From the provider's point of view, business models are built around "attracting and retaining customers", which goes against the idea of offering a purely commoditized service.
The benefits of sky computing are:
- New capabilities: If one cloud in the sky provides access to new hardware (e.g., TPU), any app in the sky can use it
- Better security: Eliminate a single point of attack by distributing trust across multiple clouds
- Better reliability: Avoids major cloud outages
- Better performance: Aggregates all resources to use the best resources for a job
- Lower cost: Use most cost-effective cloud for a job
To fulfill the sky computing vision, three design issues (the Internet also faced them) must be addressed:
- Compatibility layer: Mask low-level technical differences/heterogeneity
- Intercloud/Routing layer: Route jobs to the right cloud
- Peering layer: Allow clouds to have agreements with each other about how to exchange services
Similar to the IP layer, a compatibility layer abstracts away the services provided by a cloud and allows an application developed on top of this layer to run on different clouds without change.
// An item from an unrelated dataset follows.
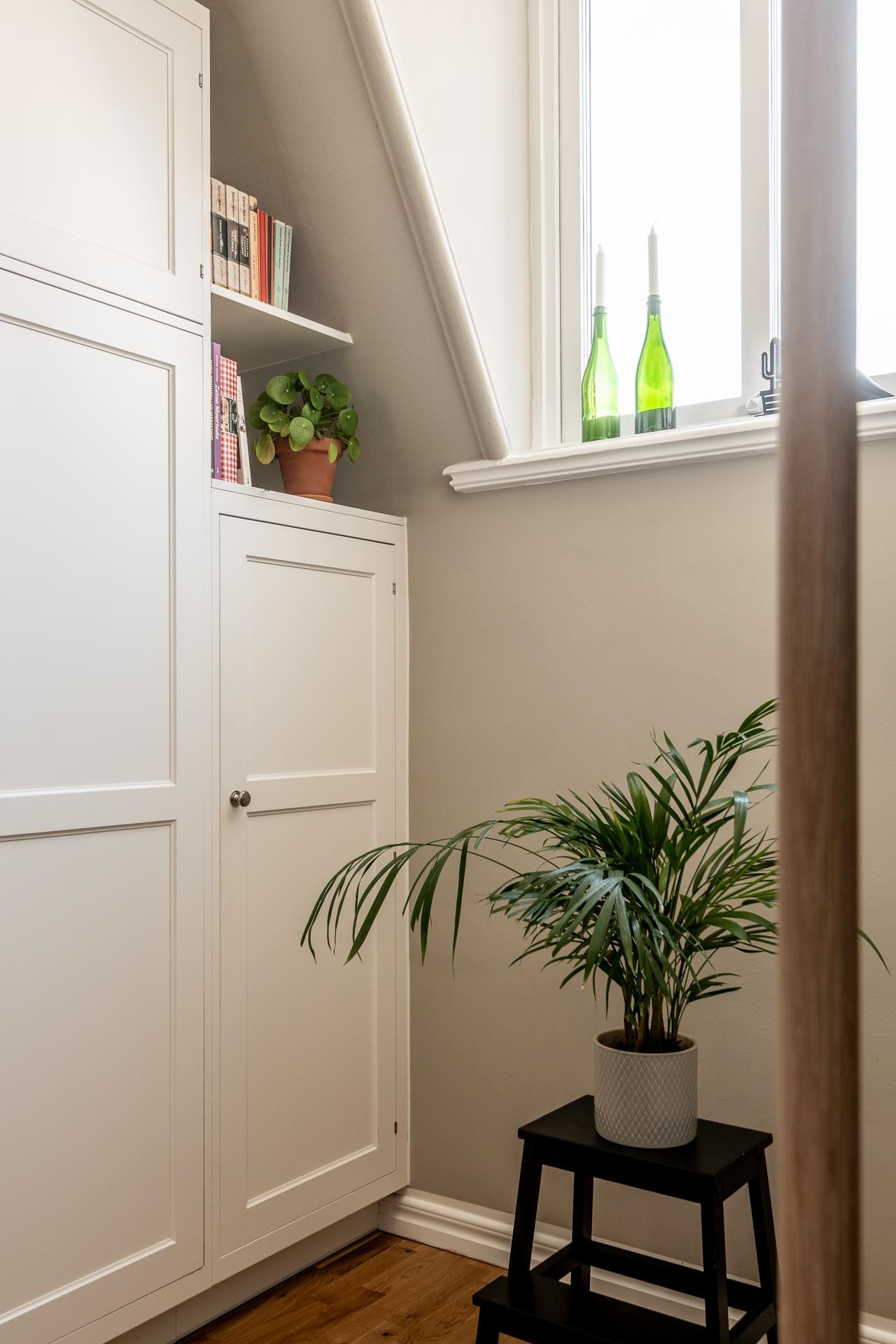 Genom åren har oändliga timmar lagts på att förfina och förädla lägenheten. Samtliga väggar har renoverats till perfektion där gamla lager har skrapats ner och bredspacklats för att sen målas i behagliga toner som samspelar med varandra. Badrummet har fått sig ett ansiktslyft med ny utrustning och tvättpelare, och det senaste tillskottet är det underbara köket som lät byggas så sent som 2021, en dröm för er som gillar att laga mat och umgås. Mötet mellan det moderna och det tidstypiska är mycket lyckat och lägenheten är på många sätt unik då den kombinerar vindskaraktär och sekelskifte på ett förträffligt sätt. Att större delen av lägenheten ligger allra högst upp i huset är också för många något man bara kan drömma om.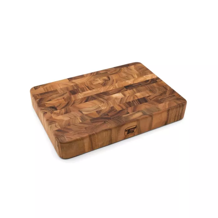A premium cutting board large enough for any job. Crafted from gorgeous acacia wood, this Union Stockyard Butcher Block is functional and beautiful with its rich, shimmering colors. Unlike traditional planks, the fine-grained construction is less dull for cutlery because the grain of the wood adapts to the cut instead of resisting it. Wear is reduced both on the cutlery and on the board, giving more longevity to all your cutting tools. This multi-function board doubles as a prep station, cutting board, and serving board to meet all your cooking needs. Decorative functionality at its best, it's what you deserve.

The authors conclude that this is not technically difficult, as the high-level management and service interfaces users interact with are now more than ever supported by open source software (OSS). The compatibility layer could be constructed out of some set of the OSS solutions. One glaring gap is the storage layer (AWS has S3, Azure has Blob storage, etc.), but there are currently efforts underway to provide more compatibility and fill this gap.
OSS projects for different levels of the software stack include:
- OS: Linux
- Cluster resource managers: Kubernetes, Apache Mesos
- Application packaging: Docker
- Databases: MySQL, Postgres
- Big data execution engines: Apache Spark, Apache Hadoop
- Streaming engines: Apache Flink, Apache Spark, Apache Kafka
- Distributed query engines and db: Cassandra, MongoDB, Presto, SparkSQL, Redis
- ML libraries: PyTorch, Tensorflow, MXNet, MLFlow, Horovod, Ray RLlib
- General distributed frameworks: Ray, Erlang, Akka
Status quo: multi-cloud, porting from one cloud to another is expensive
What sky computing will bring
The intercloud layer should allow users to specify policies describing the tradeoff between performance, availability, and cost (e.g., a user might specify that this is a Tensorflow job, it involves data that cannot leave Germany, and must be finished within the next two hours for under a certain cost), but not require users to make low-level decisions. There should be few technical limitations as this (moving jobs across clouds) is similar to moving jobs within the same cloud across datacenters.
Under certain scenarios, instead of processing all data in the same cloud, moving data between clouds can be cost-effective. For example, although moving a 150 GB ImageNet dataset out of AWS costs $13, training ResNet50 on ImageNet on AWS costs ~$40, while training on Azure costs $20. If clouds adopt reciprocal data peering arrangements, it allows data to be moved freely between peering clouds and enables greater freedom in job movement.
The authors' vision is as follows. While large providers may not be incentivized to build a compatibility layer, smaller cloud providers will embrace such a layer and form a sky. Within the sky, providers may specialize in supporting one or more services. E.g., Oracle can provide a database-optimized cloud, NVIDIA can provide GPU-optimized, hardware-assisted ML services, Samsung can provide a storage-optimized cloud. In the long term, both the standalone providers and in-sky providers will exist: the standalone providers compete with each other and the sky, and the in-sky providers both compete within the sky and collectively compete with the standalone providers.